Она окликнула женщину, следовавшую за ними, и послала ее вперед зажечь свет. Потом они поднялись в круглую комнату, облицованную цветным мрамором, с выложенным порфиром полом. Обставлена она была с восточной роскошью. Такое не редкость в домах генуэзской и венецианской знати. Тут стоял диван, покрытый шелковистым ковром, привезенным из Персии; бронзовый столик с хрустальной вазой, полной лилий; позади него лежали лира и два-три свитка тонкого пергамента. Несколько обитых бархатом кресел и изукрашенный свадебный сундук; на малахитовой подставке в виде колонны — увитый виноградной лозой и плющом стройный бронзовый Вакх note 19. Освещалось все помещение мягким пламенем двух лампад на стене, зажженных служанкой Боной. Осмотревшись, Просперо подумал, что именно такой он и представлял себе обитель небесного создания.
Бона отправилась в дом за провизией — вином и яйцами.
— Ни слова о случившемся Амброджо, — предостерегла ее госпожа. Она пригласила Адорно сесть и чувствовать себя, как дома.
— Дом мне теперь не нужен, — сказал Просперо. — Я нашел и убежище, и святилище.
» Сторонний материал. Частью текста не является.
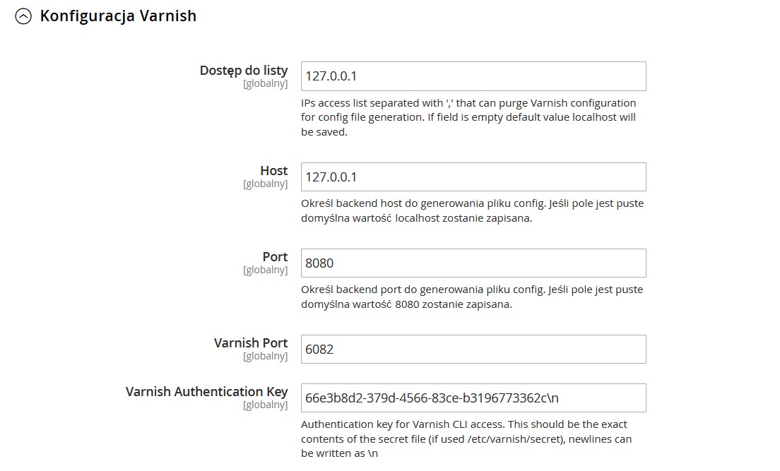 Gdy to zrobisz pojawi się nowa sekcja Konfiguracja Varnish. Uzupełnij pola danymi otrzymanymi od hostingodawcy.

— Вы имеете в виду этого языческого бога? — Она бросила взгляд на смеющегося Вакха. — Вряд ли его достаточно, чтобы превратить павильон в святилище, хотя я и перенесла фигурку сюда. А вот укрытие — да. Причем, возможно, не только от опасности, которой вы избежали, но и от угрозы, с которой столкнулись уже здесь.
Она не дала ему возможности ответить, продолжая рассказывать о себе. Женщина, казалось, хотела дать ему какие-то разъяснения.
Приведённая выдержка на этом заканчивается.